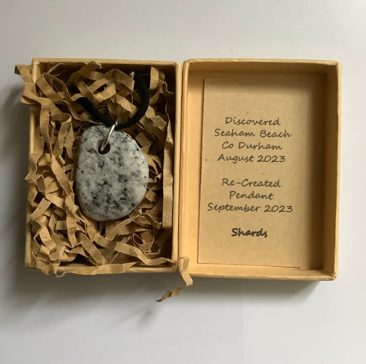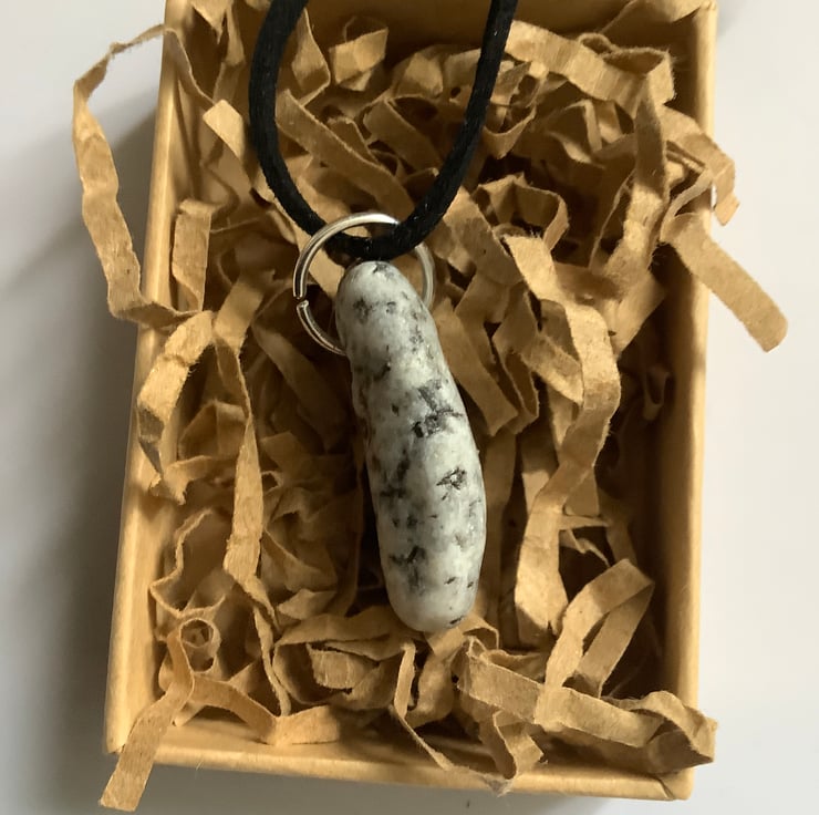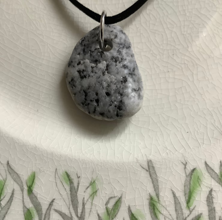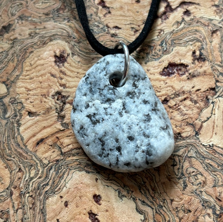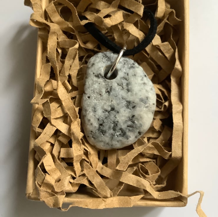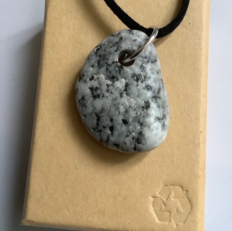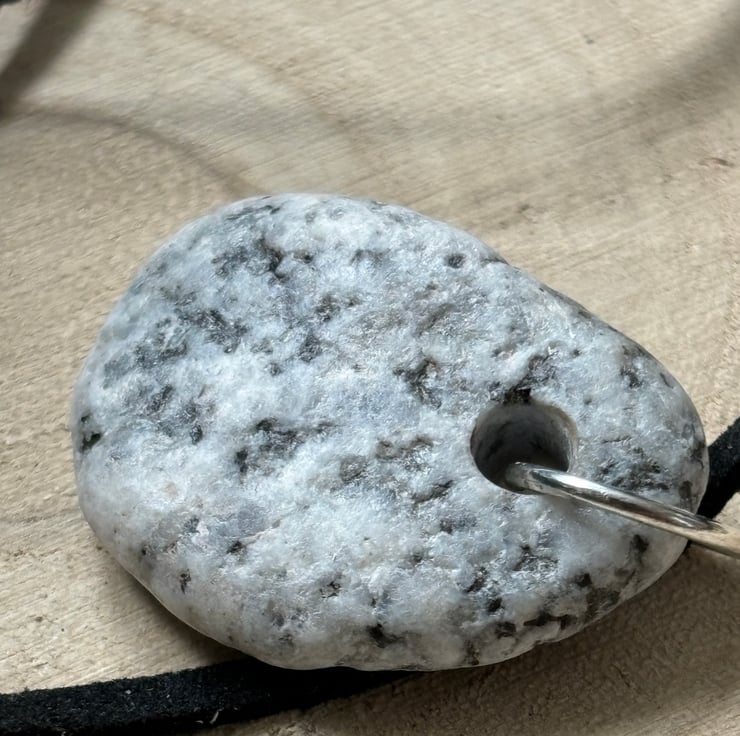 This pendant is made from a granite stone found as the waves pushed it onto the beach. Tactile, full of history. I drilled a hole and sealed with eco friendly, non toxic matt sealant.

--

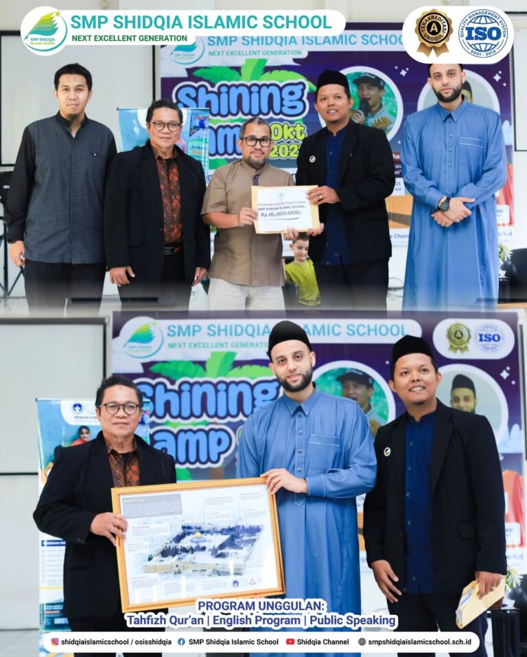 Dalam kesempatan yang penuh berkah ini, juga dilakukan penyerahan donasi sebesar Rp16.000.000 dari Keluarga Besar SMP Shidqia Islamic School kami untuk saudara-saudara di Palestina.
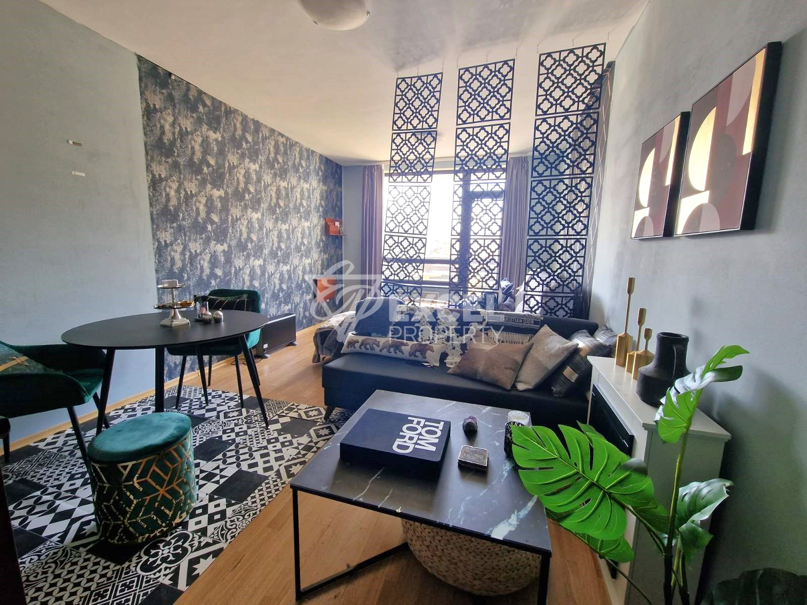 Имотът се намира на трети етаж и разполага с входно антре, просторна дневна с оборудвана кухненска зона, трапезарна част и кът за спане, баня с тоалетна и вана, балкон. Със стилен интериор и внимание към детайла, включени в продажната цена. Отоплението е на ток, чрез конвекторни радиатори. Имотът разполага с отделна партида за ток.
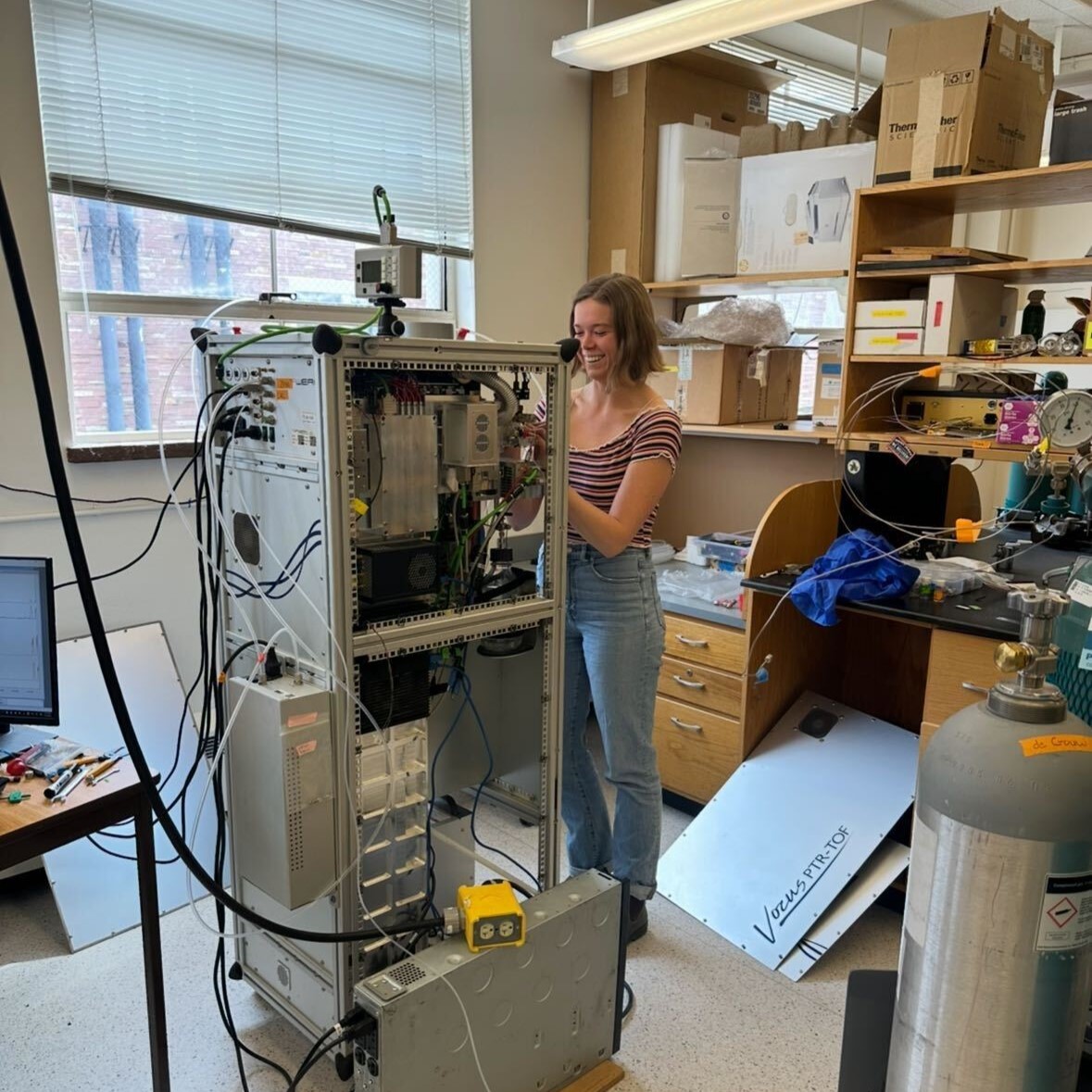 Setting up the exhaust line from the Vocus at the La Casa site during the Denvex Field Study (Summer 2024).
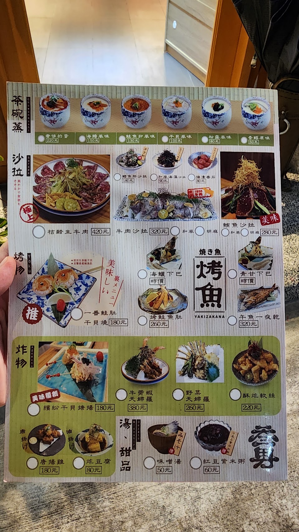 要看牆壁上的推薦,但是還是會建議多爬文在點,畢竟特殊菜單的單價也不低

INSTRUCTIONS TO FOLLOW –
With the pictures removed, print only the lines starting at the line that has "Setting up the" and ending at the line that has "要看牆壁上的推薦,但是還是會建議多爬文在點,畢竟特殊菜單的單價也不低", both ends included, exactly as they stand above.

ANSWER SPACE –
 Setting up the exhaust line from the Vocus at the La Casa site during the Denvex Field Study (Summer 2024).
 要看牆壁上的推薦,但是還是會建議多爬文在點,畢竟特殊菜單的單價也不低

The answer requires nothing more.